AVIDD's File Storage Options


  • Referring to the cluster layout of AVIDD, you should be able to see that home directories are stored on a low-performance NFS mounted file system; and that there is also a GPFS file system (work bench).

    There are a few options as far as where you want to store what kind of data.

  • Where do I store data?

    • Datasets on GPFS: A good (blind) rule of thumb is "ALL data (sets) lives on GPFS", i.e. on /N/gpfs/some_directory/.
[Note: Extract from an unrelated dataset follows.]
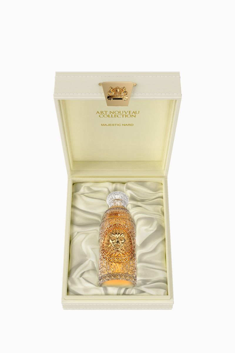 Travel in olfactive evocation inspired by the natural world of art and architecture. The opulent hand-blown bottles are made even more precious featuring patterns gilded with fine gold decadently packaged in lavish silk and leather... a nod to the period’s significant impact on design and decorative art. A seamless display of art’s most powerful symbol, this herald-worthy fragrance is a league of its own. Majestic Nard - fit for a king or queen, the opulent scent of undeniable power and ambition. WOODY & SPICY Top notes: Galbanum, Pink Pepper, Incense, Heart notes: Saffron, Jatamansi, Virginia Cedar, Sandalwood, Patchouli  ...

      AVIDD GPFS Technical Information

      • GPFS is a large file system with 1.6 TB of space in each of the clusters (B'town and Indy).
      • It is accesible from all compute nodes as well as the head node.
      • It uses RAID 5 (see system layout); data transfer is stripped across 4 storage nodes. GPFS write performance has been benchmarked at 64MB/s writes and 170MB/s reads, using 32 processes, MPI-IO, and a 32GB file!
      • Is the data backed up? NO. (See "Things to Remember" below for more information.)
    • Home directory only for programs (Source and executable): Store stuff like source code, batch scripts (PBS related or otherwise), executables and possibly documents on your home directory /N/u/${USER} . Rephrasing that, do not use your home directory to read in/write out datasets. It's a low performance NFS system not designed to take that kind of load.

      • Is the data backed up? YES.
      • Note: Always use ~/ to reference your home directory unless use of absolute path names (i.e. /N/u/username) is necessary;
        Why? Because your home directory might be moved from /N/u/username to a different location, but ~/ will always point to the accurate and current home directory.

    • Local scratch: Apart from GPFS and your NFS mounted home directory, you can also use local scratch on each compute node if your program does not require processes to use data across nodes. These are available as /scr on all compute nodes and are usually smallish in size (currently 10 GB).

      • Is the data backed up? NO. (See "Things to Remember" below for more information.)
      • Also, note that data on /scr is cleared out periodically at a frequency much greater than the one used in clearing out GPFS -- could be anything between 1-2 days to 15 days; unless your program is using some data, there is a risk it will be cleared out.
    • For more information on your diskspace options, see the AVIDD Usage Policies webpage.

  • Things to remember

    • Create your own sub-directory within GPFS: You should create a directory for yourself on /N/gpfs if you have not done so yet. Under that directory, you can create other sub-directories for multiple datasets or different projects.

    • GPFS-B and GPFS-I are different: GPFS at Bloomington and Indianapolis are not the same. So, if you login to avidd-b, then /N/gpfs will point to /N/gpfsb while on avidd-i, it will point to /N/gpfsi .

    • You need to backup your data: It is also important to remember that GPFS is not backed up and is also cleaned up regularly (60 days or so, but could be much shorter amount of time, beware!). So any data that you deem as important (or as required in the long term) should be backed up onto the HPSS mass store system.

      Once again, for up-to-date information on your diskspace options, see the AVIDD Usage Policies webpage.

    • More information on getting a Mass Store account and using HPSS from AVIDD/SP is available at the Using HPSS from IU Research Systems off of the AVIDD homepage webpage. Gustav Meglicki also has information on using HPSS along with GPFS; he also has a IU MDSS and CFS Tutorial off his homepage.

    • Beware /tmp users: If you write parallel code, then rememeber you cannot use /tmp to store data that'll be used across nodes. These are usually mounted off a local disk -- each compute node will have its own /tmp (just like /scr ).